Exercise instructions:
Only the lines from the one holding "HM3 FROG X FRONT TURQUOISE" to the end of the data should be echoed, exactly as they appear, minus the pictures.
___ Dataset extract ___
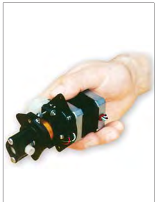
STH Compact OEM Pump
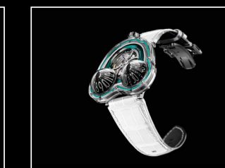
HM3 FROG X FRONT TURQUOISE
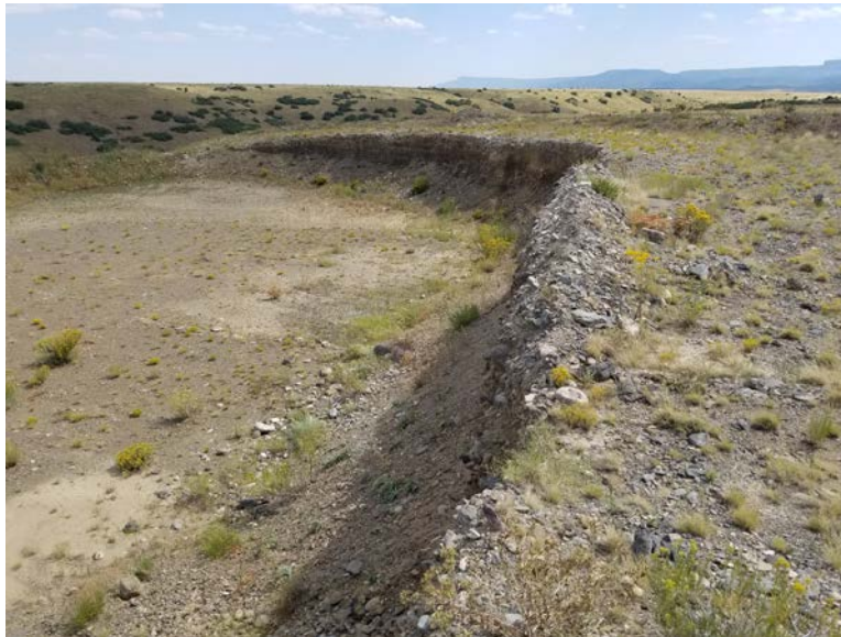
Figure 4. From the southwest corner of the highwall looking southeast.
___
Solution to the problem:
HM3 FROG X FRONT TURQUOISE
Figure 4. From the southwest corner of the highwall looking southeast.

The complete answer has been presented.